Problem: Your output should be the lines below from the one with "The number in" through the one with "Zegarek damski SL.09.6272.4.01", copied exactly, pictures excluded.

Material shown:
· · · · ·

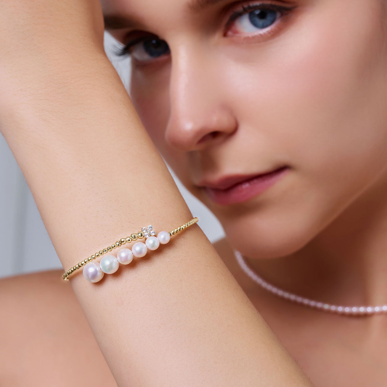 用这款无限淡水珍珠手链优雅点缀您的每一天。完美的配饰,衬托您的气质。双珍珠端饰设计,手腕尺寸可调节。多功能且精致,轻松搭配任何日夜装扮。
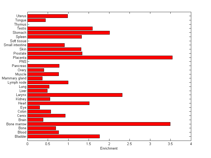 The expression level is normalized with tissue-library size. Each value for a gene in a tissue is a ratio of observed ESTs to the expected one in this tissue. The expected number of ESTs is the product of total ESTs of the gene and the fraction of total ESTs in the tissue among all ESTs in 30 tissues.
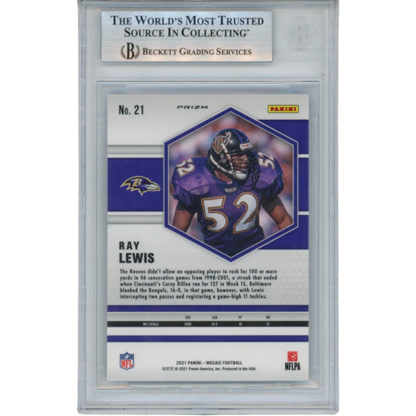 The number in the listing title is just an inventory sku for our records and is not the authentication number. The item pictured is the exact item you will receive, please see photos for condition. This is a Baltimore Ravens 2021 Panini Mosaic Silver #21 Slabbed Trading Card that was personally autographed by Ray Lewis. Includes a certificate of authenticity / hologram from Beckett Authentication Services (BAS) and Denver Autographs. FREE SHIPPING within the USA on orders over $10!
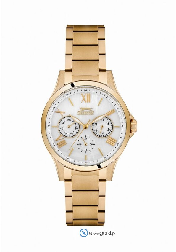 Zegarek damski SL.09.6272.4.01 marki Slazenger to idealna pozycja dla osób ceniących sobie dbałość o detale oraz bezproblemowe zachowanie mechanizmów. Charakter zapewnia wysokiej klasy tarcza w kolorze złotym. Zaprezentowana metodą analogową bieżąca godzina jest czytelna i prosta do odczytania. Koperta jest w kolorze złotym szeroka jest na 36 mm - posiada okrągły kształt.
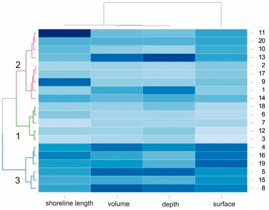 Correlation between the lakes studied with regard to their morphological parameters (heatmap) presented using a hierarchical tree diagram to show the three groups of lakes that are similar in terms of lake surface area, volume, depth, and length of the shoreline.

· · · · ·

Expected answer:
 The number in the listing title is just an inventory sku for our records and is not the authentication number. The item pictured is the exact item you will receive, please see photos for condition. This is a Baltimore Ravens 2021 Panini Mosaic Silver #21 Slabbed Trading Card that was personally autographed by Ray Lewis. Includes a certificate of authenticity / hologram from Beckett Authentication Services (BAS) and Denver Autographs. FREE SHIPPING within the USA on orders over $10!
 Zegarek damski SL.09.6272.4.01 marki Slazenger to idealna pozycja dla osób ceniących sobie dbałość o detale oraz bezproblemowe zachowanie mechanizmów. Charakter zapewnia wysokiej klasy tarcza w kolorze złotym. Zaprezentowana metodą analogową bieżąca godzina jest czytelna i prosta do odczytania. Koperta jest w kolorze złotym szeroka jest na 36 mm - posiada okrągły kształt.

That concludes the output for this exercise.